____ THE INPUT
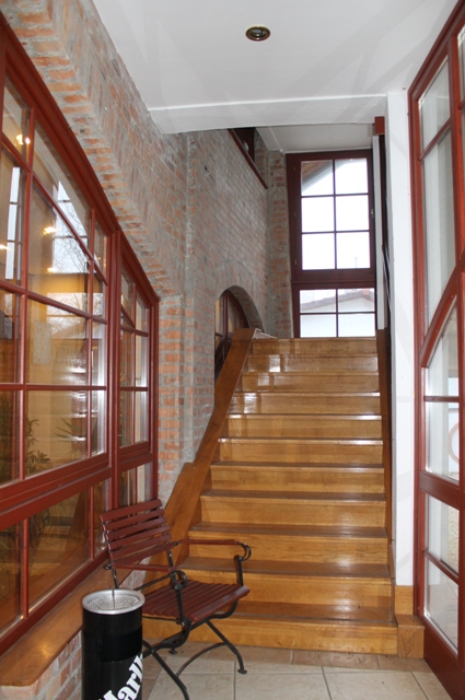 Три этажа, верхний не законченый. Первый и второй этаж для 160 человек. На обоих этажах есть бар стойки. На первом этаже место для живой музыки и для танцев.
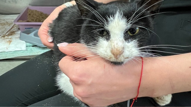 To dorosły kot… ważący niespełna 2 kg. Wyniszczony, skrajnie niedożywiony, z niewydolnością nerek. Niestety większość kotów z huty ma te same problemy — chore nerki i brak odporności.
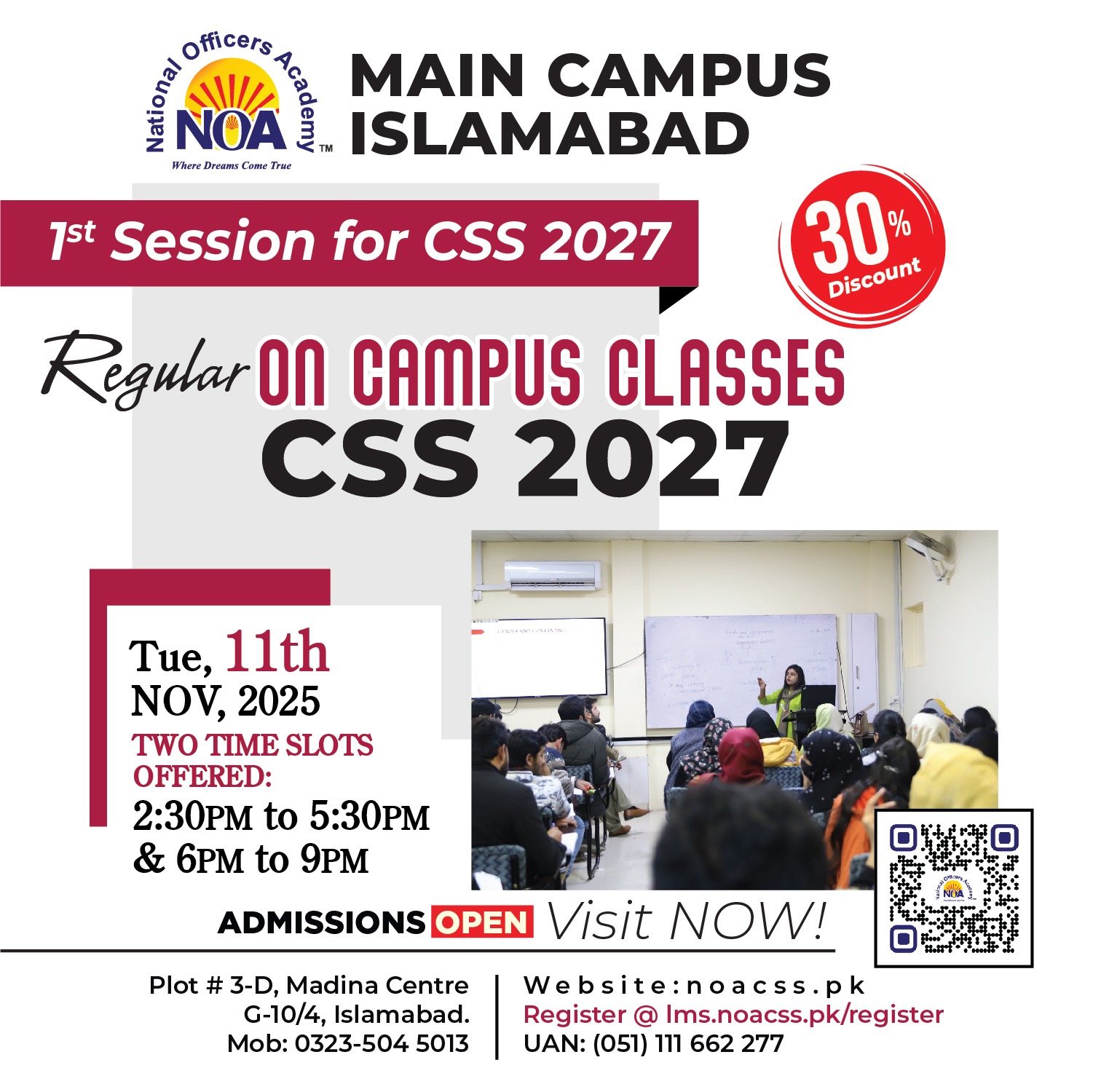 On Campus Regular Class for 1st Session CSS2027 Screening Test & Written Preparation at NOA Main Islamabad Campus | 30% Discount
________
____ THE INPUT
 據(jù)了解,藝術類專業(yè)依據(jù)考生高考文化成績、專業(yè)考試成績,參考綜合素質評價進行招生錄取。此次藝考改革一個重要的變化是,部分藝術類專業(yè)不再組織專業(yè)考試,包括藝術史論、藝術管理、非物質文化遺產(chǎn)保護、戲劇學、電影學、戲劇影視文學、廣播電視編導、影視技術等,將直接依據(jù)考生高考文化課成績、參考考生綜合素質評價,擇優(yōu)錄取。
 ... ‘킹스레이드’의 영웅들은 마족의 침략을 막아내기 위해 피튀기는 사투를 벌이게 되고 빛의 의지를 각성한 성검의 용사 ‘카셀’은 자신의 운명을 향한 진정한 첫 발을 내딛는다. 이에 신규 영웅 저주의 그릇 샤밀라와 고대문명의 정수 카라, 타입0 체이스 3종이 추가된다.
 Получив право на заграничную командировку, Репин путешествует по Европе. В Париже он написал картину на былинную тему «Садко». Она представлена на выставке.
________
**PROMPT**
In the listing above, find the line containing "Три этажа, верхний" and the line containing "On Campus Regular". Reproduce those lines and all between them exactly, with no pictures and nothing more.

**RESPONSE TO THE EXERCISE**
 Три этажа, верхний не законченый. Первый и второй этаж для 160 человек. На обоих этажах есть бар стойки. На первом этаже место для живой музыки и для танцев.
 To dorosły kot… ważący niespełna 2 kg. Wyniszczony, skrajnie niedożywiony, z niewydolnością nerek. Niestety większość kotów z huty ma te same problemy — chore nerki i brak odporności.
 On Campus Regular Class for 1st Session CSS2027 Screening Test & Written Preparation at NOA Main Islamabad Campus | 30% Discount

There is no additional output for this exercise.